Furthermore, Prof. Carl understands the notion of ITTM as follows:
These machines, which are basically classical Turing machines equipped with transfinite running time….
Hamkins and Lewis define the conditions under which ITTMs can be considered "ordinary Turing machines" and in such manner show that classical computability theory can be deemed a subtheory of ITTM-computability theory:
Thus, restricting to the case of finite input and time, a function $f: 2^{\lt {\omega}} \rightarrow 2^{\lt {\omega}}$ is $\omega$-computable exactly when it is computable in the Turing machine sense.
With this in mind I will rewrite Prof.

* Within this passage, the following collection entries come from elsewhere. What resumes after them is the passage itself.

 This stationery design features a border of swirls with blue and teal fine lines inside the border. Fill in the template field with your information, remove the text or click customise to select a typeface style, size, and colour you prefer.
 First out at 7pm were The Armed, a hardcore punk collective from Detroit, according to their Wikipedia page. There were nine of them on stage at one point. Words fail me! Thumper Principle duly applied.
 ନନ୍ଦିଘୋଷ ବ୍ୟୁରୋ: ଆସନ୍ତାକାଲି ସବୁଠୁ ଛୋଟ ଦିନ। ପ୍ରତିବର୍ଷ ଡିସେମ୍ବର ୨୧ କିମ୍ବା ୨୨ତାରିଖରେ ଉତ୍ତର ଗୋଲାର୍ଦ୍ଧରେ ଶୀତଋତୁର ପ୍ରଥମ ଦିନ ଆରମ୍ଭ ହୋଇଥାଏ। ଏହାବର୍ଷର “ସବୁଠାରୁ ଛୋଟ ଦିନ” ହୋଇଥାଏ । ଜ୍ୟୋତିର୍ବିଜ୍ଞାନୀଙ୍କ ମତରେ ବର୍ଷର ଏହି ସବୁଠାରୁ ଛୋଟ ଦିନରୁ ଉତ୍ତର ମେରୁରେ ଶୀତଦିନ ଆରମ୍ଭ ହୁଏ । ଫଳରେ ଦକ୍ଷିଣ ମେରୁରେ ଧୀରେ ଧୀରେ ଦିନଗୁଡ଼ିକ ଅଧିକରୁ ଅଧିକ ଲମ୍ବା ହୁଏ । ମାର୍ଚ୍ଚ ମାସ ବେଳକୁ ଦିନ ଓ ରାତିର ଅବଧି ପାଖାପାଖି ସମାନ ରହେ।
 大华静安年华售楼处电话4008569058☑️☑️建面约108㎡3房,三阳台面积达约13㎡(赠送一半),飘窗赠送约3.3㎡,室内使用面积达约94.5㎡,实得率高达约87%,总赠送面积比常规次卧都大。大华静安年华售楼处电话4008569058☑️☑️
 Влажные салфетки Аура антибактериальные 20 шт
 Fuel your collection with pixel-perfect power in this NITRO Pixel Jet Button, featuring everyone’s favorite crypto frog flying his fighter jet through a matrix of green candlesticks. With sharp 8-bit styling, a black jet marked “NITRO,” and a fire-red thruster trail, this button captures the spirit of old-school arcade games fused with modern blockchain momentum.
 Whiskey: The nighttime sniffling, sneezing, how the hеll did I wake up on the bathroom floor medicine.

Carl's definition without mentioning ITTM's:
A lost melody is a real number $x \subseteq \omega$ which is recognizable, i.e., from some Turing machine program $P$, the computation of $P$ with $y$ on the input tape (which plays the role of a real oracle for a Turing machine) is defined for all $y$ and outputs 1 iff $y = x$ and otherwise outputs 0 but not computable, i.e., no Turing machine program computes the characteristic function of $x$ [note that such oracles are standard in classical computability (recursion) theory—my comment (see Hartley Rogers Jr's text, chapter 9.2, "Turing Machines with Auxiliary Tapes", pg. 130)].
All that remains is to note that both $\{x \mathrel| \text{$\varphi_{x}$ is total}\}$ and its complement are both productive sets, and not recursively (computably) enumerable (which means, to me at least, not writable by any recursive function).
So can the singleton $\{\{x \mathrel| \text{$\varphi_{x}$ is total}\}\}$ be decidable by Prof. Carl's oracle (restricted to classical recursion theory)?
I believe it can for the following reason: i) if one assumes that the oracle in question has multiple oracle tapes—$2^{\aleph_0}$ of them in fact (one tape for each set of natural numbers)—when one compares the elements of $x$ with the elements of $y$ by the oracle, it will, in fact, show that $y \neq x$ in a finite number of steps, but only show that $y = x$ if the oracle machine does not halt. Now if one wishes to consider the oracle machine an ITTM (for the reason that if $y = x$ the the oracle machine does not halt), by the limsup rule the oracle machine must output a 1, but this is a trivial use of an ITTM.